With open, a commonly used method for saving data

Data such as Douban movie information will be better saved in the Excel table.

So you need to use the csv module.

# csv module stores data to Excelf = open ('Douban movie data .csv, mode='a', encoding='utf-8', newline='') csv_writer = csv.DictWriter (f, fieldnames= [' movie name', 'participant', 'release time', 'shooting country', 'film type', 'film rating', 'number of reviews') 'Movie Overview']) csv_writer.writeheader () # write header

This is to crawl the data and save it locally. This is just one page of data, crawling data is certainly not just crawling one page of data. In order to achieve multi-page data crawling, it is necessary to analyze the url address change law of web page data.

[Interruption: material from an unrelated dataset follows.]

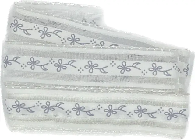- organzová průsvitná stuha s šedým potiskem, s motivem květin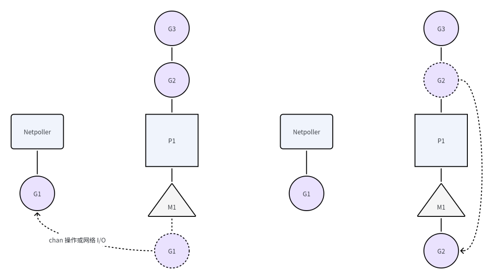 当进行 chan 操作或网络 I/O 时,G 会和 MP 分离,被挂到 Netpoller 上,M 会进行下一次调度

You can clearly see that the url address per page is incremented by 25, and the page turning operation is realized by using the for loop.

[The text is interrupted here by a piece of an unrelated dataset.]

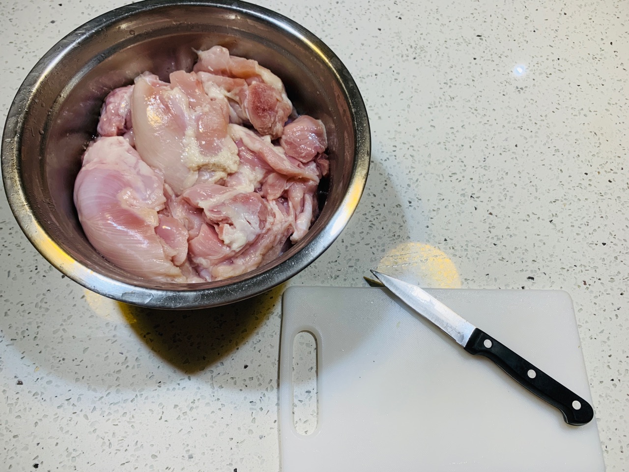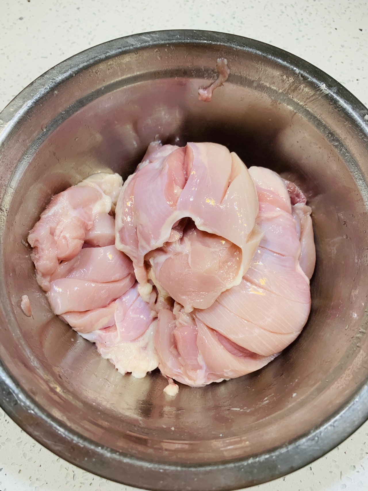步骤1、将买回来的去骨鸡腿肉洗净,改刀,减少它炸的时间

For page in range (0251) 25): url = f 'https://movie.douban.com/top250?start={page}&filter=' complete implementation code "import pprintimport requestsimport parselimport csv'''1, clear requirements: climb Douban Top250 to rank movie information movie name director, starring year, country, type score, Review the number of movies introduction''# csv module saves data to Excelf = open ('Douban movie data .csv' Mode='a', encoding='utf-8', newline='') csv_writer = csv.DictWriter (f, fieldnames= ['name of the film', 'performers', 'release time', 'shooting country', 'film type', 'film rating', 'number of reviews' 'Movie Overview']) csv_writer.writeheader () # write header # Analog browser send request for page in range (0251,25): url = f 'https://movie.douban.com/top250?start={page}&filter=' headers = {' User-Agent': 'Mozilla/5.0 (Windows NT 10.0) WOW64) AppleWebKit/537.36 (KHTML, like Gecko) Chrome/81.0.4044.138 Safari/537.36'} response = requests.get (url=url) Headers=headers) # convert response.text text data into selector object selector = parsel.Selector (response.text) # get all li tags lis = selector.css ('.grid _ view li') # traverse each li tag content for li in lis: # get the text data in the first span tag under the a tag under the hd class attribute of the movie title Get () output form is a string to get a getall () output form is a list to get all title = li.css ('.hd a span:nth-child (1):: text'). Get () # get () output form is the string movie_list = li.css (' .bd p:nth-child (1):: text'). Getall () # getall () output The form is list star = movie_list [0] .strip () .replace ('\ xa0\ xa0\ xa0' ''). Replace ('/...',') movie_info = movie_list [1] .strip (). Split ('\ xa0/\ xa0') # ['1994', 'USA' 'crime plot'] movie_time = movie_info [0] # Film release time movie_country = movie_info [1] # which country's movie movie_type = movie_info [2] # what kind of movie rating_num = li.css ('.crime _ num::text'). Get () # Movie rating People = li.css ('.star span:nth-child (4):: text'). Get () # number of evaluations summary = li.css (' .inq:: text'). Get () # an overview of dit = {'movie name': title 'cast': star, 'release time': movie_time, 'shooting country': movie_country, 'Film Type': movie_type, 'Film rating': rating_num, 'number of reviewers': people, 'Film Overview': summary } pprint.pprint (dit) csv_writer.writerow (dit) implementation effect

Thank you for reading, the above is the content of "how Python climbs Douban movie ranking information". After the study of this article, I believe you have a deeper understanding of how Python crawls Douban movie ranking information, and the specific use needs to be verified in practice. Here is, the editor will push for you more related knowledge points of the article, welcome to follow!

Welcome to subscribe "Shulou Technology Information " to get latest news, interesting things and hot topics in the IT industry, and controls the hottest and latest Internet news, technology news and IT industry trends.

*The comments in the above article only represent the author's personal views and do not represent the views and positions of this website. If you have more insights, please feel free to contribute and share.